Hit ratio, also called filter factor or selectivity, is the percentage of table rows selected by a query. When a SELECT query is executed, the database examines the WHERE clause and estimates hit ratio. If hit ratio is high, the database performs a table scan. if hit ratio is low: -Looks for an indexed column in the WHERE clause. -Scans the index. -Finds values that match the WHERE clause. -Reads the corresponding table blocks. If the WHERE clause does not contain an indexed column, the database must perform a table scan.
binary search
If a single-level index is sorted, each value can be located with a binary search. In a binary search, the database repeatedly splits the index in two until it finds the entry containing the search value:
Inserts, updates, and deletes with single level dense indexes
Insert. When a row is inserted into a table, a new index entry is created. Since single-level indexes are sorted, the new entry must be placed in the correct location. To make space for the new entry, subsequent entries must be moved, which is too slow for large tables. Instead, the database splits an index block and reallocates entries to the new block, creating space for the new entry. It splits the block into two blocks. the 2nd block makes a space for the new entry in the right order.
can a sorted table have both a clustering and primary index?
No, it cant. -A sorted table has one sort column. -That sorted column can be unique, or not unique. -If the index is on the sorted unique column it is a primary -if the index is on a non-unique sorted column it is a Clustering
indexes on a sorted table may be
Primary Index- is an index on a unique sort column Clustering Index- is an index on a non-unique sort column secondary index- an index that is not on the sort column
Delete.
When a row is deleted, the row's index entry must be deleted. The deleted entry can be either physically removed or marked as 'deleted'. Since single-level indexes are sorted, physically removing an entry requires moving all subsequent entries, which is slow. For this reason, index entries are marked as 'deleted'. Periodically, the database may reorganize the index to remove deleted entries and compress the index.
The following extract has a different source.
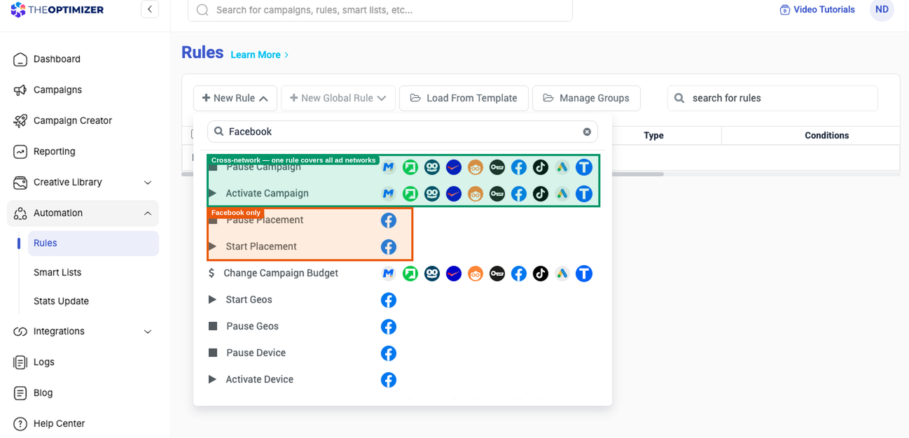 ℹ️ Cross-network rules: Rules supported by multiple networks can be applied to campaigns from different ad networks within a single rule. For example, if your Pause Campaign logic is the same for Facebook and TikTok, you can create one rule and add campaigns from both networks to it — rather than maintaining two separate rules.

With a sparse index Inserts, updates, and deletes
With a sparse index, each entry corresponds to a table block rather than a table row. Index entries are inserted or deleted when blocks split or merge. Since blocks contain many rows, block splits and mergers occur less often than row inserts and deletes. Aside from frequency, however, the behavior of sparse and dense indexes is similar.
multi-column index
an index can be defined on multiple columns. In a multi-column index, each index entry is a composite of values from all indexed columns. In all other respects, multi-column indexes behave exactly like indexes on a single column.
Consider the following scenario: • A table has 600,000,000 rows. • Each index block is 4 kilobytes. • Each index entry is 10 bytes. • Assume 1 kilobyte is approximately 1,000 bytes. Assuming the index is dense and sorted, a binary search for one row reads approximately how many blocks?
how many blocks are in the table? (600mill entries / entriesperblock) how many entries or rows are in a block? 4k / 10 = 400 entries or rows per block
Consider the following scenario: • A table is sorted on indexed column and has 50,000,000 rows. • Each row is 300 bytes. • Table and index blocks are 2 kilobytes. • Assume 1 kilobyte is approximately 1,000 bytes. Assuming the index is sparse, how many entries are in the index?
total size of table= 15billion bytes (50m * 300) number of entries in the index is 7.5 million bytes. found by: -15billonbytes(total table size) / 2000bytes (bytes per block in the index) number entries in the index = total size of all the blocks in the index.